就在張伯堯聽見那句話,還根本來不及做出什麽反應的時候,方遠的手掌看似輕巧、實則毫無半點花假的重重印在了張伯堯的胸腹之間。 “嘭!”
一聲沉悶地響聲,方遠微微皺眉,感覺自己似乎像是擊中裹著牛皮的大鼓一樣。
對方莫非有橫練功夫?
那看似輕巧的手掌按在了張伯堯的身上之後,張伯堯的身體猛然一抖,瞬間被打出了紅色三秒區,跌到了三分線附近。
勉強直起身來,張伯堯感覺被擊中的地方就像是燒起了一堆火一樣,火辣辣的難以忍受。
疼痛之中還伴隨著一陣陣的胸悶氣短,讓他簡直忍不住要吐出來什麽一樣。
這就是內髒破碎的感覺嗎?
張伯堯從來沒有想到過死亡會來的這麽快,也沒有想到對方竟會下手如此果決,如此狠辣。
眾目睽睽之下,就敢這樣殺人?難道不怕法律嗎?
猛然間,張伯堯明白了:自己怎麽忘了這是一個怎樣的社會?明面上的公民公正雖然是大多數的,但是“三合六義”既然是和藍家一樣的勢力,又怎麽會收拾不了這樣的攤子?
如同洪嬌嬌這個洪家之人,言談間即便是雲海市公安局局長楊德才也不以為然……那麽這個三合六義出來的方遠,當然也不會懼怕這種事情。
是的,他們根本不會在意。
對於他們來說,自己的生命也是無需在意的。
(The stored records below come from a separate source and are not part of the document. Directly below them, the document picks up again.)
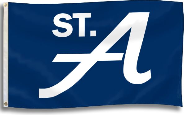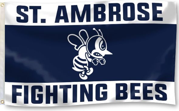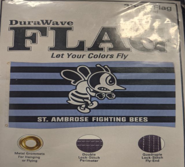 Official flag is white seal on blue. "St. Ambrose University" across the top,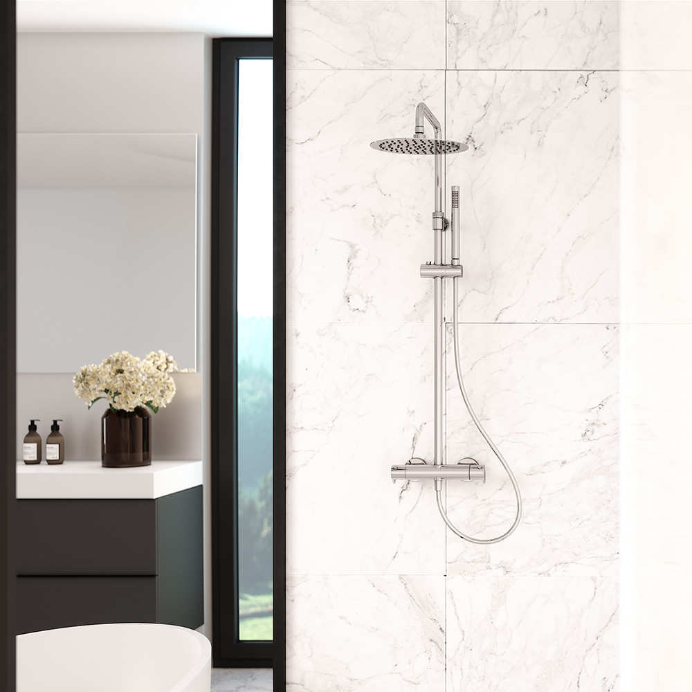 Душова система Ramon Soler ALEXIA з термостатом та регульованою висотою 880-1460 мм, хром (365402RM30036D303728) - поєднує в собі високу продуктивність, безпеку, економію та комфорт.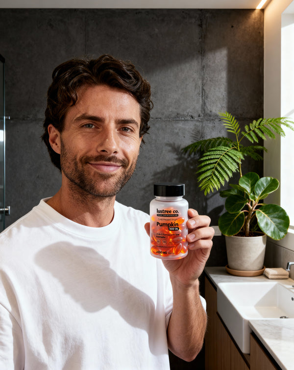 Our Pumpkin Seed Oil Softgels are supported by scientific research to block DHT, the hormone responsible for hair thinning. Rich in zinc, omega-6 fatty acids, and antioxidants, they nourish the scalp, reduce shedding, and support regrowth naturally.

所以他們能夠這樣肆意妄為,能夠這樣毫不在乎的擊碎自己的內髒,奪走自己的生命。
一股莫名的怒火從心裡冒了出來,張伯堯猛然跳了起來,不知道是不是錯覺,他居然感覺自己此時的狀態是前所未有的好。
除了胸腹之間的劇烈疼痛之外,他感覺自己渾身上下都像是泡在了興奮劑裡,身體發著熱量,力量不容置疑。
這是回光返照嗎?
張伯堯的腦海中閃過一個念頭,隨後便拋之腦後。他要復仇!在自己死之前,至少要把這個方遠打死!以他的力量,只需要在他身上來一下就行!
腳步猛然一踏,張伯堯朝著方遠猛然衝了過去。
見他仿佛沒事人一樣站起來朝著自己衝過來,方遠的神情頓時嚴肅起來:這人雖然拳腳不成章法,但是卻有一身上好的橫練功夫。
一般會功夫硬挨自己那一掌,無論如何都不該再有存活的可能,更不可能站起身來。
這張伯堯雖然也有些痛苦,但是既然能站起來,顯然是沒有大礙。
這身精湛的橫練功夫護著他,再想要一招就打死他卻是不太容易了。
“張伯堯,停手吧。”方遠拾起了了落在一旁的籃球,“要交手,以後的機會多得是。我們‘三合六義’和你們‘普天間’也是老朋友了,不急在這一時。這次我奈何不了你,算我師兄妹學藝不精,日後……”
“不用日後!”張伯堯悶吼一聲,拳頭帶著風聲猛然向他打去。
方遠冷笑一聲,把籃球對準了他的拳頭按了過去:“給臉不要,你真以為能奈何我……”
話未說完,他臉上的笑意就變成了驚駭。
對面的張伯堯就像是亙古洪荒以來就存在的神話中的怪物一樣,一拳過來,硬生生砸破那籃球然後毫不停留地砸在了他的手掌上。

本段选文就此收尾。